Take a walk. Get engrossed in your favorite book or TV show. Do some retail therapy. Call a friend. Get creative…make something! Figure out what works for you. Whatever it takes, just get your mind off the problem!

Another suggestion is to reframe the problem. That guy you can’t survive without…the perfect one on the pedestal….he wasn’t really that great, was he? You can totally live without him if needed. That embarrassing moment you tripped down the stairs in front of everyone? Life is not over and hey! It’s ok to laugh at yourself! Trust me, everyone who was there has embarrassing moments of their own.

Envision the Best Case Scenario

A lot of times I feel anxiety about upcoming social functions or interactions. When I do, it helps to play it out in my mind, picturing a world where I don’t die or get publicly embarrassed or get toilet paper stuck on my shoe.

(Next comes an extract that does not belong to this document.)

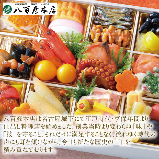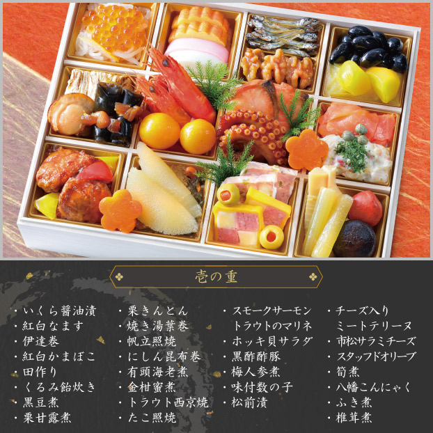 いくら醤油漬、紅白なます、伊達巻、紅白かまぼこ、田作り、くるみ飴炊き、黒豆煮、栗甘露煮、栗きんとん、焼き湯葉巻、帆立照焼、にしん昆布巻、有頭海老煮、金柑蜜煮、トラウト西京焼、たこ照焼、スモークサーモントラウトのマリネ、ホッキ貝サラダ、黒酢酢豚、梅人参煮、味付数の子、松前漬、チーズ入りミートテリーヌ、市松サラミチーズ、スタッフドオリーブ、筍煮、八幡こんにゃく、ふき煮、椎茸煮

If that negative story kicks up in your mind, take a few minutes….close your eyes, run through the scenario with the best possible outcome. The scenario where you are the social butterfly who has exciting conversations with people. The scenario where you give that speech smoothly and confidently and everyone is laughing at the exact right moments.

Build Your Confidence

Naturally as you start to make positive changes and see those positive results your confidence will grow and these huge roadblocks will become much smaller. Before that happens though, you’re probably going to need to build yourself up on your own.

Write and/or speak affirmations over and over. I AM CONFIDENT. I AM SMART. I AM GOOD AT PUBLIC SPEAKING. I AM OUTGOING. Plug in whatever adjective you need at the moment. Make sure to keep your affirmations positive, and it’s best if you can begin them with “I am” or “I have”.

Set small goals and be proud of yourself when you achieve them. Large or small, every milestone is something to celebrate! You could even keep a list of them and look back when you’re feeling discouraged.

Most importantly, be kind and patient with yourself as you learn how life works without that negative story. It will take time. There might be bumps in the road. No matter what, keep on keeping on. Don’t give up. You will succeed!